Meanwhile, there is another event that is currently visible around the world -- Mars opposition. This means that the sun and the red planet are directly opposite each other in the sky, so that Mars is much closer to Earth than usual. Occurring almost once every two Earth years (or almost once every Martian year), the opposition occurred on July 27th, the same day as the full moon. Mars should be especially bright in the sky the morning of July 31st at around 12:50 AM Pacific Time.

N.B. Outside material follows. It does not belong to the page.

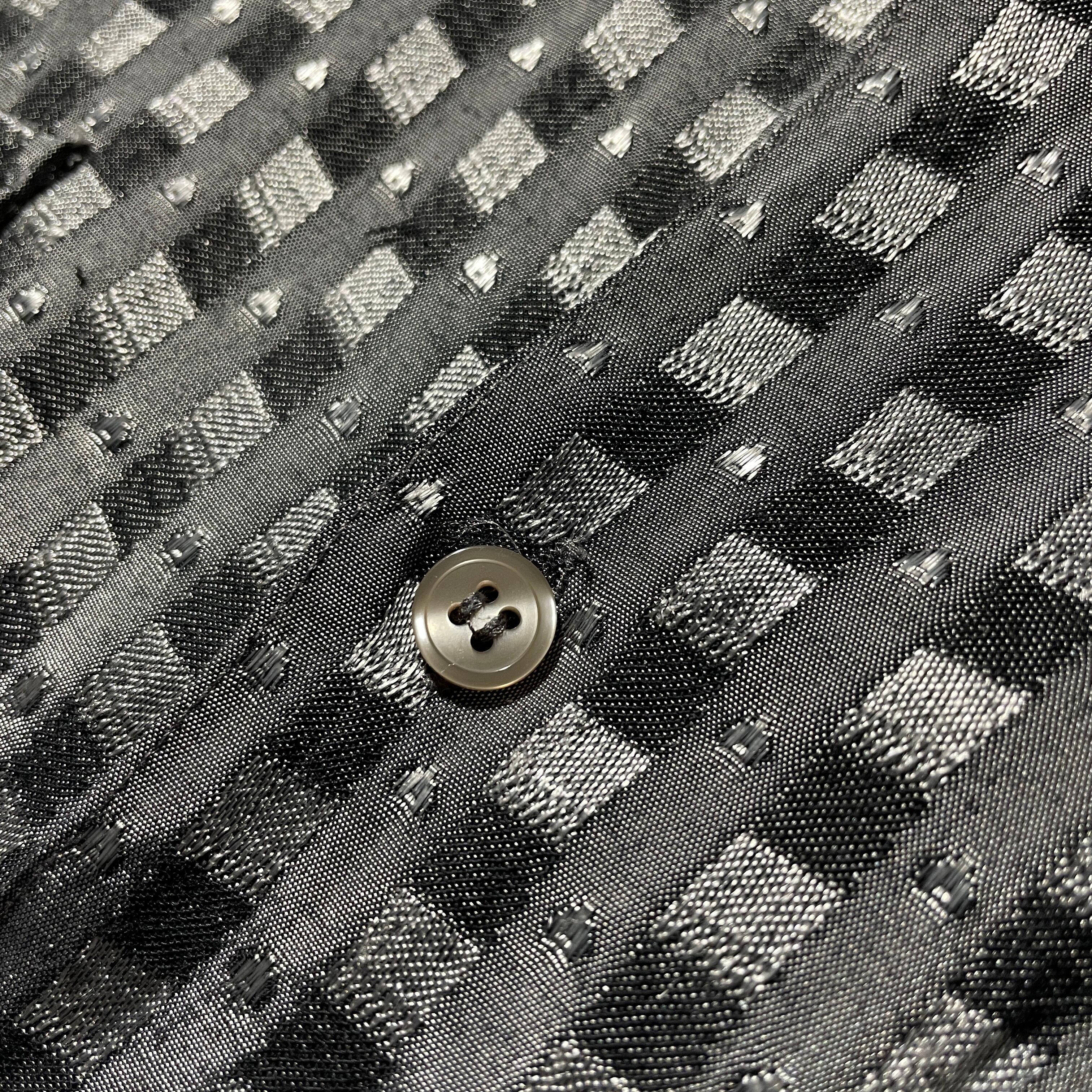 カラーは光沢のあるシルバー。S表記ですがL相当のビッグサイズ。羽織って一枚で完結する主役級のシャツかと思います。

A previous especially close approach of the red planet was in 2003, and the next such approach won't be until 2035. The 2035 opposition has often been suggested at the date when human beings will first arrive on Mars. The year 2035 is mentioned as a particularly elegant year for our arrival on Mars, since just as 66 years separated the Wright brothers' flight in 1903 to the moon landing in 1969, so should 66 years separate the 1969 moon landing from the 2035 Mars landing.

Each year in late December, I make my annual Calendar Reform posts. Even though Calendar Reform will make timekeeping easier everywhere on Earth, many people believe that it will never happen, since the Gregorian and other world calendars are so firmly entrenched in our minds. Thus Calendar Reform will never happen anywhere on Earth -- if we want a new calendar, we'd have to get ourselves another planet.

The basic unit of a Martian Calendar is the sol, or Mars day. A Mars sol is slightly longer than an Earth day -- about 24 hours 40 minutes. Meanwhile, a Martian year is about 687 Earth days, or 668.6 Mars sols. Thus two Earth years is about one Mars year (another ratio! -- 2/1).

Since a Mars year is about twice as long as an Earth year, most proposed Mars calendars are of one of two types. One, the "Stretched Gregorian," is so-called because it stretches the twelve Gregorian months so that they're about twice as long as their Earth counterparts. The other, the "Darian"-type calendar, has 24 months instead of 12, so that each Martian month could be about the same length as an Earth month.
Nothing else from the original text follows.